Given the fact that GA promotes cotton fibre elongation (Supplementary Fig. 10), we asked if the triple protein interactions would affect the transcriptional activation of target genes. A dual-luciferase assay system was employed for this purpose. The level of the luciferase activity controlled by GhRDL1 and GhEXPA1 promoters was elevated when GhHOX3 was expressed (Fig. 4a), but this activation was impaired when the L1-box was mutated (Fig. 4b). GhHD1 also activated the two promoters, but to a lesser extent than GhHOX3 (Fig. 4a). The GhRDL1 L1-box conferred a higher degree of regulation, possibly due to its closer proximity to the coding region (Supplementary Table 4). Activation of GhHOX3 to GhRDL1 or GhEXPA1 promoters was significantly enhanced by GhHD1 (Fig. 4a), and this enhancement was synergistic as the combinatorial effect was more than additive (particularly to GhRDL1), and the amounts of agrobacterial cells infiltrated into leaves in each experiment, as well as the amounts of the proteins expressed, were comparable (Supplementary Figs 14,17).
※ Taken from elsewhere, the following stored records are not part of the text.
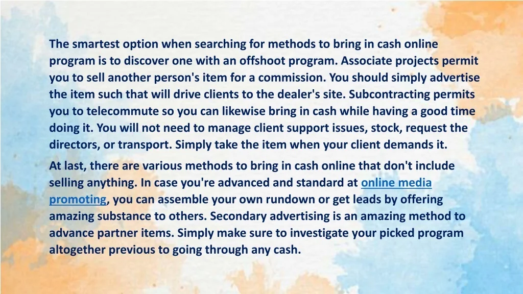 The smartest option when searching for methods to bring in cash online program is to discover one with an offshoot program. Associate projects permit you to sell another person's item for a commission. You should simply advertise the item such that will drive clients to the dealer's site. Subcontracting permits you to telecommute so you can likewise bring in cash while having a good time doing it. You will not need to manage client support issues, stock, request the directors, or transport. Simply take the item when your client demands it. At last, there are various methods to bring in cash online that don't include selling anything. In case you're advanced and standard at online media promoting, you can assemble your own rundown or get leads by offering amazing substance to others. Secondary advertising is an amazing method to advance partner items. Simply make sure to investigate your picked program altogether previous to going through any cash.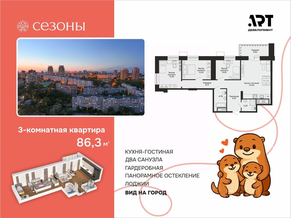 Зимние скидки! Выгода до 1,7 миллиона рублей. Квартира 87,31 м2 свободной планировки с видами на город.
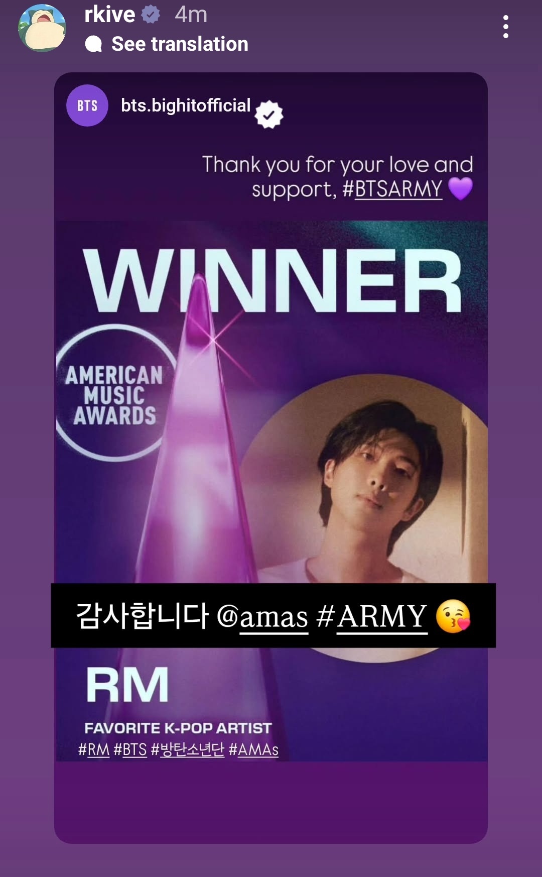 Finally, on the 26th, the 'αмєяι¢αn Music Awards' held at the Fontainebleau Hotel in Las Vegas honored RM as the winner of this year's 'Favorite K-Pop Artist' category. With this achievement, he became the first and only K-pop artist to win a trophy at the 'αмєяι¢αn Music Awards' as a group member and a solo artist.

In contrast, the promoter activation, either by GhHOX3 alone or by the two HD-ZIP IV proteins in combination, was substantially repressed by GhSLR1 (Fig. 4c). These results were further supported by EMSA assays, in which GhHD1 or GhHOX3 alone, as well as their combination, bound to the L1-box from both GhRDL1 and GhEXPA1 promoters, and such an interaction was indeed disturbed by application of GhSLR1 in the system (Supplementary Fig. 15).
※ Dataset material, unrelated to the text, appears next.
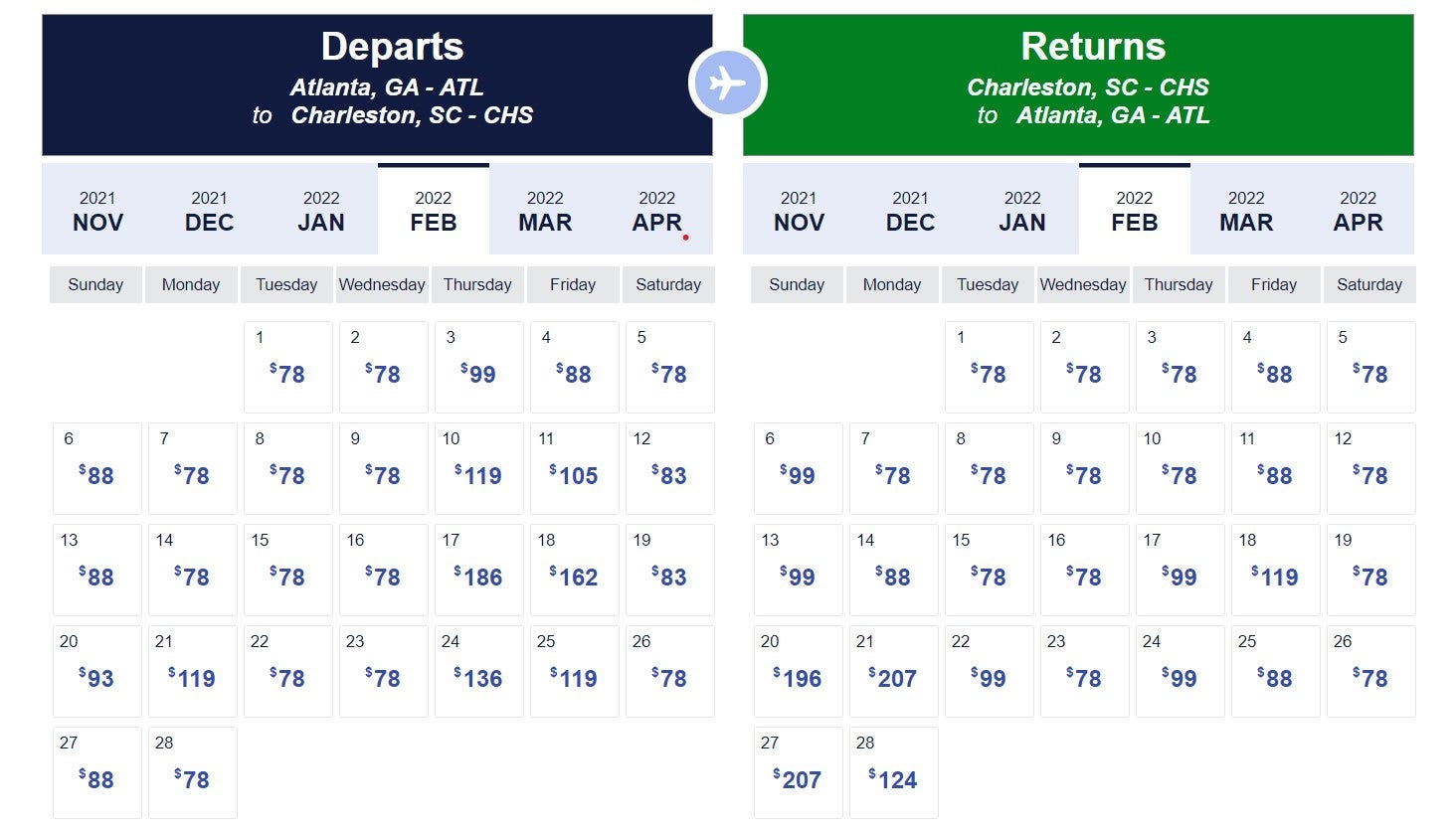 Southwest has ample availability throughout February and March from Atlanta (ATL) to CHS. The best fare we could find was $78 each way.

Figure 4: Transcriptional regulation of target genes by GhHOX3 and the effects of GhHD1 and GhSLR1.
figure 4

GhRDL1 and GhEXPA1 promoters were fused to the LUC reporter, respectively, and the promoter activities were determined by a transient dual-LUC assay in Nicotiana benthamiana. The relative LUC activities were normalized to the reference Renilla (REN) luciferase. The corresponding effector (+), empty vector (−) or neither (NA) were co-filtrated (data are presented as mean±s.e.m., n=3, *P<0.05; **P<0.01, Student’s t-test). (a) Effects of GhHOX3 and GhHD1 on activities of RDL1 and EXPA1 promoters. (b) Effects of L1-box mutation on the activity of RDL1 and EXPA1 promoters. The L1-box was mutated (mutant) as shown (Fig. 2e). (c) Inhibitive effects of GhSLR1 on activation of RDL1 and EXPA1 promoters by GhHOX3 and GhHOX3+GhHD1.

Discussion

We have shown that the interaction of GhHOX3 with GhHD1 results in a much higher activity of gene activation than either alone, and DELLA (GhSLR1) negatively affects their activity and integration. In plant cells, DELLAs are degraded in response to GA26. Our results uncover a new molecular mechanism underlying the role of GA in promoting cotton fibre elongation (Fig. 5).
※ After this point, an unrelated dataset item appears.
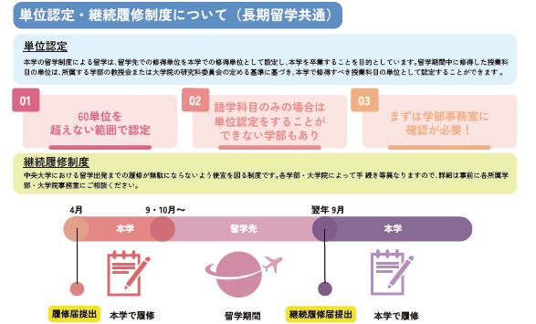 | 概要 | 中央大学の協定校へ留学する制度で、単位取得を目的に主に専門科目を履修する留学です。 留学先国によって派遣時期が異なります。学内募集は、春派遣については留学前年の5月下旬~6月上旬、秋派遣については留学前年の11月に募集され、学内選考があります。 |

Figure 5: A model for the regulation of cotton fibre elongation by GhHOX3 and the phytohormone GA.
figure 5

(a) In cotton fibres, DELLA proteins bind to HOX3 to prevent its binding to other HD-ZIP transcription factors, repressing their transcriptional activation to target genes. (b) GAs trigger degradation of DELLAs, releasing HOX3 protein to interact with other HD proteins, such as HD1, allowing the activation of target genes, including RDL1 and EXPA1, to promote cotton fibre elongation.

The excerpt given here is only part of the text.